We'd watch the episodes and remark on the hideous outfits, on the completely unrealistically hot guys these relatively average (or ugly) girls always dated, and could always identify with them when shit went bad. I mean, that's the real hook of the show, isn't it? Four strong independent women in New York City struggling for love; getting dumped, tricked, lied to, sometimes doing the tricking and the lying themselves... but then, ultimately, it's a happy ending.
For me, it was almost punishment. I'd had pretty terrible luck in the dating department my entire life (till now!), and I liked the show when the characters were getting screwed over, because I could identify with that. Once the happy endings started happening, the show only upset me because it set unrealistic standards as far as I was concerned.
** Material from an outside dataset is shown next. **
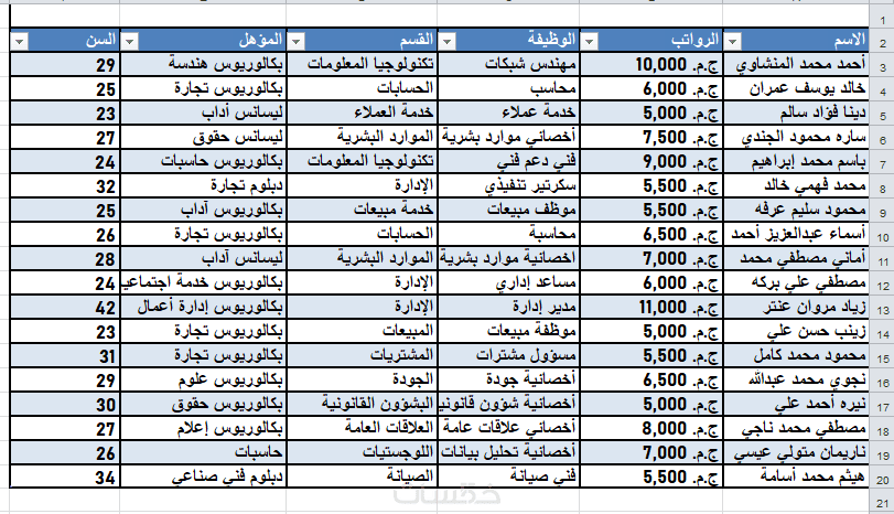 -حساب الرواتب والإجماليات والمتوسطات تلقائيًا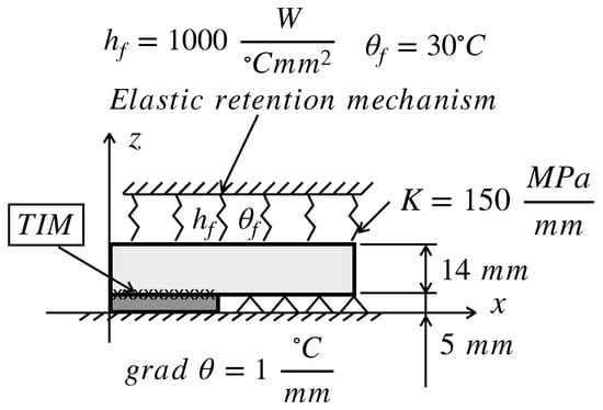 In this example, the problem shown in Figure 6b is solved. The aim is to propose different improvements in the elastic boundary conditions to the heatsink and package assembly in order to improve the thermomechanical behavior of the packaging.

I needed the show to have some unhappy endings, because I was tired of hoping for a happy one for myself. Hell, I'm still a pessimist at heart; even at my happiest, I'm braced for disaster to try and soften the blow when it comes.
But I would watch the show once a week with her, with my big sister, and she'd talk and help me with all those problems. I needed that time with her, and as lame as it is that a TV show is what got me to have it, that's how it played out. And I'm grateful for it.
I've been so busy since going to college, and Lauryn's been so busy since moving away from home and beginning her life in that murky and shadowy Real World I dread entering in a few years, we don't get to have the regular sisterly bonding time I came to rely on so much. But the movie coming out gave us a big night to set aside for it. We had dinner, time to sit and talk and relax with each other and discuss everything on our minds lately. Then, there was a movie, which gave us more to discuss afterward.
I loved the movie, and not because of the movie at all. I loved it because of the company, and the time that we were both able to set aside, to splurge some of our hard-earned and oughten't be spent money, and talk.


Man, I am so lame and cheesey lately, it's ridiculous.
This was originally going to be a sort of review of the movie, and I guess in a way it is. Nothing ever ends up how I want it to when I write.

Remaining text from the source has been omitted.